I'd been searching You Tube for something different than my usual taste, when I found Alessandro Scarlatti's artistic exuberance! I do love the beginning of this piece! Having now heard this vignette, I wonder if anyone here knows of Alessandro's music, that they may suggest to me more of his divine music for my listening.


----------



## ArtMusic (Jan 5, 2013)

He was a great composer alright. Listening to his arias shows an Italian subtlety that was unique and ahead for its time, not until Handel came along when it came to writing opera arias.


----------



## clavichorder (May 2, 2011)

Alessandro is certainly underrated. I'm trying to think of something witty to say about that nude male model in the video though...


----------



## Giordano (Aug 10, 2014)

Sexualization is going equal opportunity. Is that a good thing?


----------



## Guest (Jan 10, 2015)

clavichorder said:


> Alessandro is certainly underrated. I'm trying to think of something witty to say about that nude male model in the video though...


Pubin' like a Cuban, my friend.


----------



## StlukesguildOhio (Dec 25, 2006)

Oh No! Are we witness to the birth of another sprawling thread concerning the excessive sexualization of ... MEN?... in classical music?

By the way... I love Alessandro Scarlatti.


----------



## Mandryka (Feb 22, 2013)

I only know the keyboard music. It's too exuberant for me, there's nothing else to it apart from exuberance, shallow. I can listen for about 15 minutes then I've had enough.


----------



## ArtMusic (Jan 5, 2013)

Mandryka said:


> I only know the keyboard music. It's too exuberant for me, there's nothing else to it apart from exuberance, shallow. I can listen for about 15 minutes then I've had enough.

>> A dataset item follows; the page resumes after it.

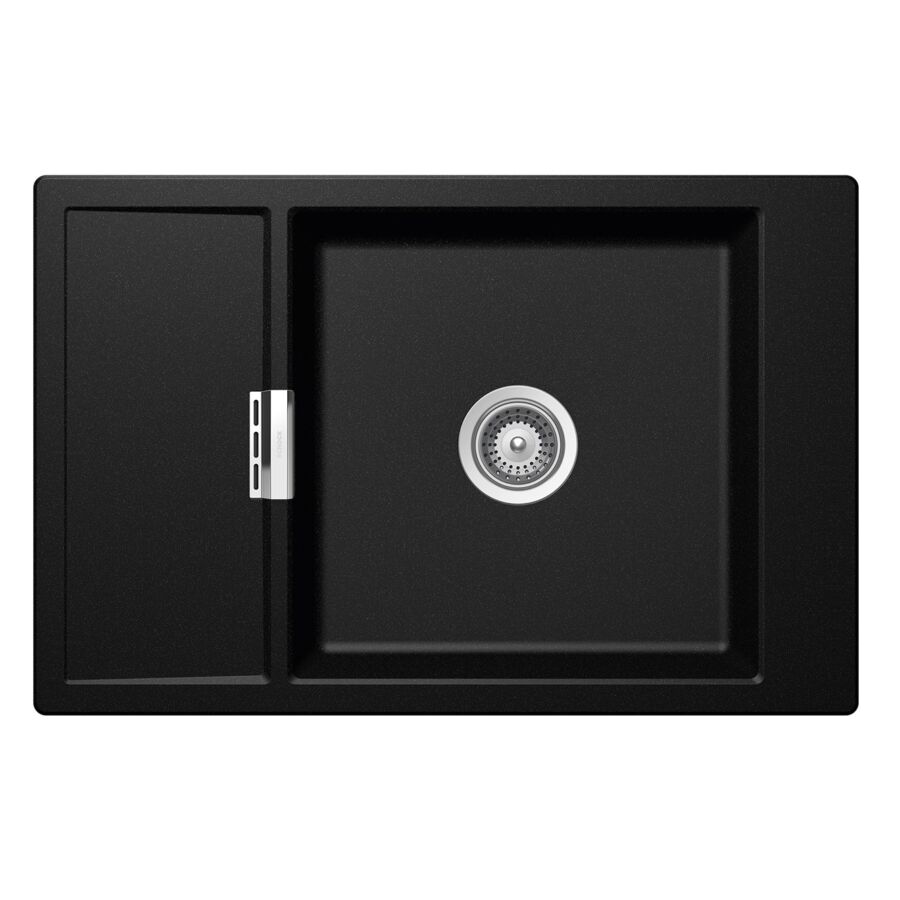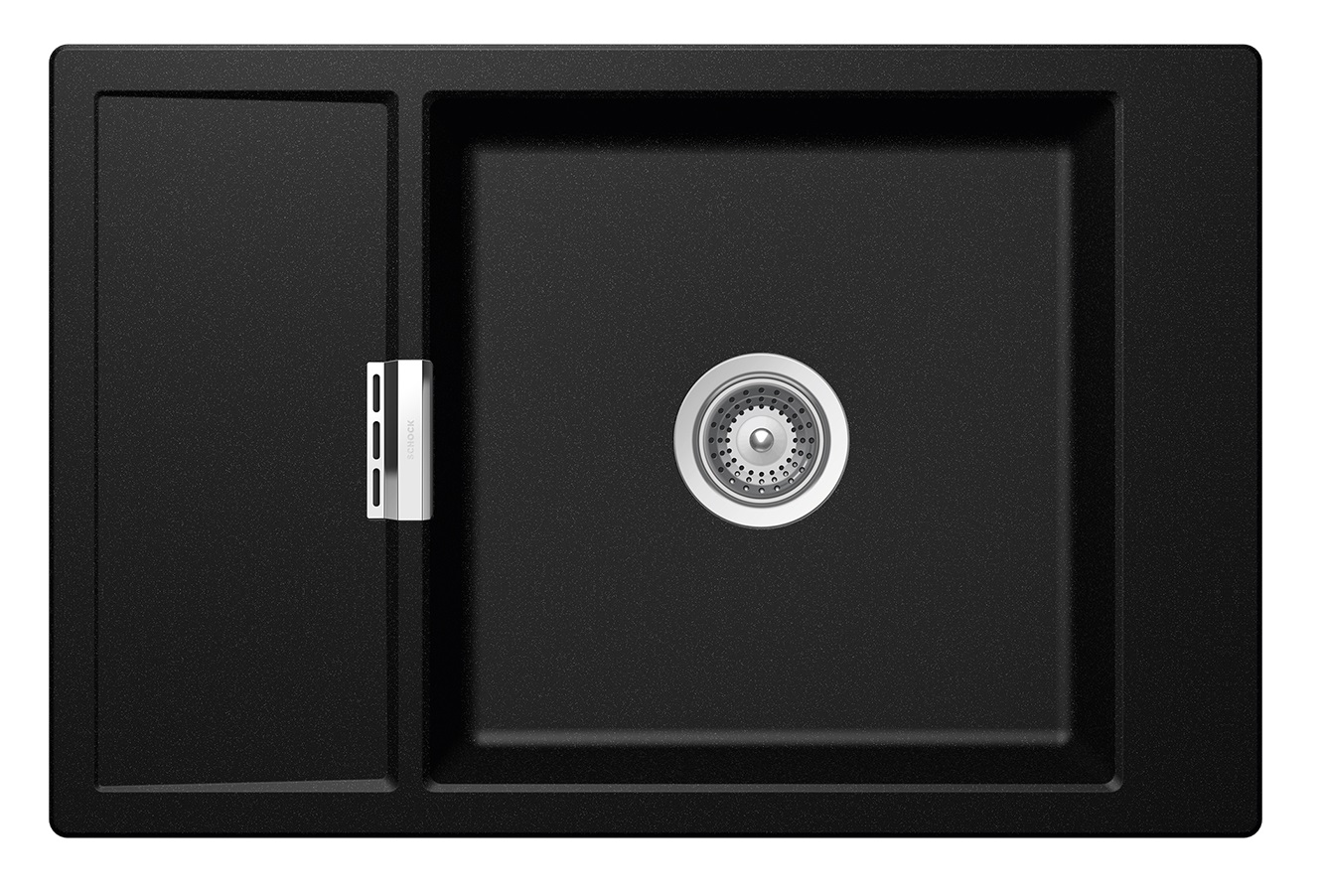 SCHOCK Mono D-100XS Cristadur Magma gránit mosogató manuális szűrőkosaras leeresztővel, szifonkészlettel, csepegtető tálcával, fekete-szemcsés színben
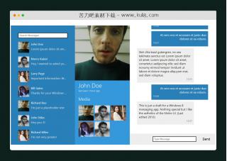 一款win8操作系统msg软件网页模板,响应式布局设计,共三栏:联系人、当前聊天好友、聊天界面。

Much of classical music is about exuberance, richness, power and emotions. The richer, the better.


----------



## GioCar (Oct 30, 2013)

I'd recommend this little-heard oratorio, truly amazing:

*Davidis Pugna et Victoria*, oratorio for soli, chorus and orchestra.

here two excerpts:











A very good recording is this one, from the hyperion label:










Mandryka: maybe you are referring to his son Domenico...


----------



## Mandryka (Feb 22, 2013)

I was referring to this CD, Domenico is problematic in a different way









Generally I think Italian music just isn't my cup of tea, apart from Frescobaldi and Andrea Gabrieli.


----------



## PetrB (Feb 28, 2012)

clavichorder said:


> Alessandro is certainly underrated. I'm trying to think of something witty to say about that nude male model in the video though...


All I can think of is not witty, but that it was attached to the upload by a younger woman or man who is more than a little infatuated with....


----------